As we start migrating away from sea level rise, one of the things we have to be cautious about is that we don’t do it on the backs of those that don’t have a voice, that we don’t disproportionally put the burden to move on low-income areas—especially if it means that that space is being redeveloped for more affluent communities. We don’t want to be picking the winners and losers in climate change based upon economic factors.

It’s no secret that our National Flood Insurance Program is ill-equipped to deal with the scope of flooding we’re experiencing today and will be in the future. Reforming it is necessary, but it’s not the whole answer, right?

I do think we need to stop providing [federal] flood insurance to new construction in flood zones. Go to the private market. If they will write it—have a nice day. If not, don’t rebuild.

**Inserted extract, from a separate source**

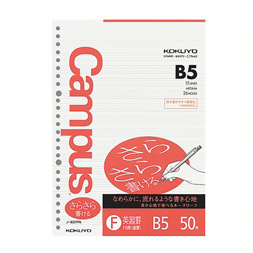 ●「さらさら書ける」タイプのルーズリーフ。B5・英習罫15段(並罫)の50枚×5パックセットです。

But the double-edged sword of letting market forces drive mitigation is that it will displace low-income families in low-lying communities. In some coastal areas market forces are already pricing risk out of the range of people who are least able to afford it. Which means they are getting priced out of housing markets within reasonable distances to their work and schools and community.

These populations are also the least able to manage and survive the financial impacts of recurring floods that sea level rise will bring. So if the government offers buyouts, it gives them the opportunity to move. But you can’t be callous about it; you first have to target affordable housing with good schools and good infrastructure, so people have somewhere to go in their community.

There’s very few places you can go that don’t have any kind of disasters. But the question is: How fast can you bounce back? This is about taking a step back and not just looking at disaster programs but looking at how communities are planning their futures. If they’re going to start displacing their populations due to climate change, how are they going to build affordable communities for the workforce necessary for their economy? Or are they increasingly creating the climate haves and the climate have-nots?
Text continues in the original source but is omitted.